+++ DATASET CONTENT +++

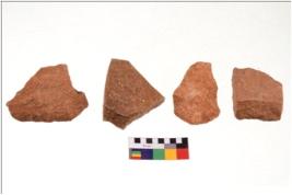 | Description / विवरण | Specimen of flakes tool with prominent flaking marks. It made up of a short flakes with sides trimmed. It is rectangular in shaped. |
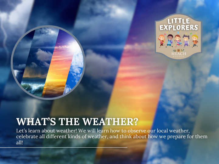 Let’s learn about weather! We will learn how to observe our local weather, celebrate all different kinds of weather, and think about how we prepare for them all!
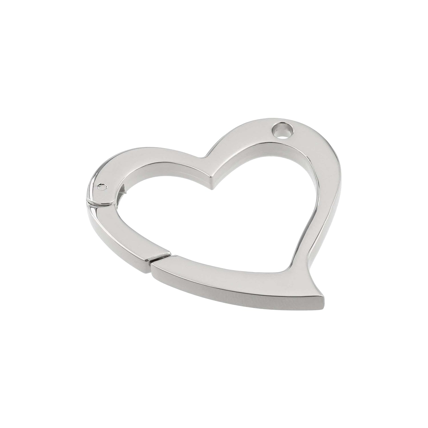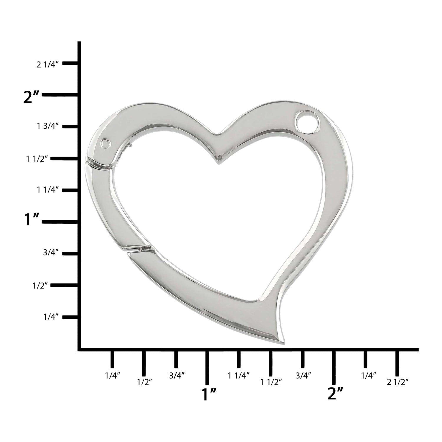 1 3/4" Shiny Nickel, Heart Shape Ring with Spring Gate, Zinc Alloy

+++

WHAT YOU NEED TO DO: The pictures are to be omitted, and the rest of the listing is to be transcribed exactly.

RESULT OF THIS EXERCISE:
 | Description / विवरण | Specimen of flakes tool with prominent flaking marks. It made up of a short flakes with sides trimmed. It is rectangular in shaped. |
 Let’s learn about weather! We will learn how to observe our local weather, celebrate all different kinds of weather, and think about how we prepare for them all!
 1 3/4" Shiny Nickel, Heart Shape Ring with Spring Gate, Zinc Alloy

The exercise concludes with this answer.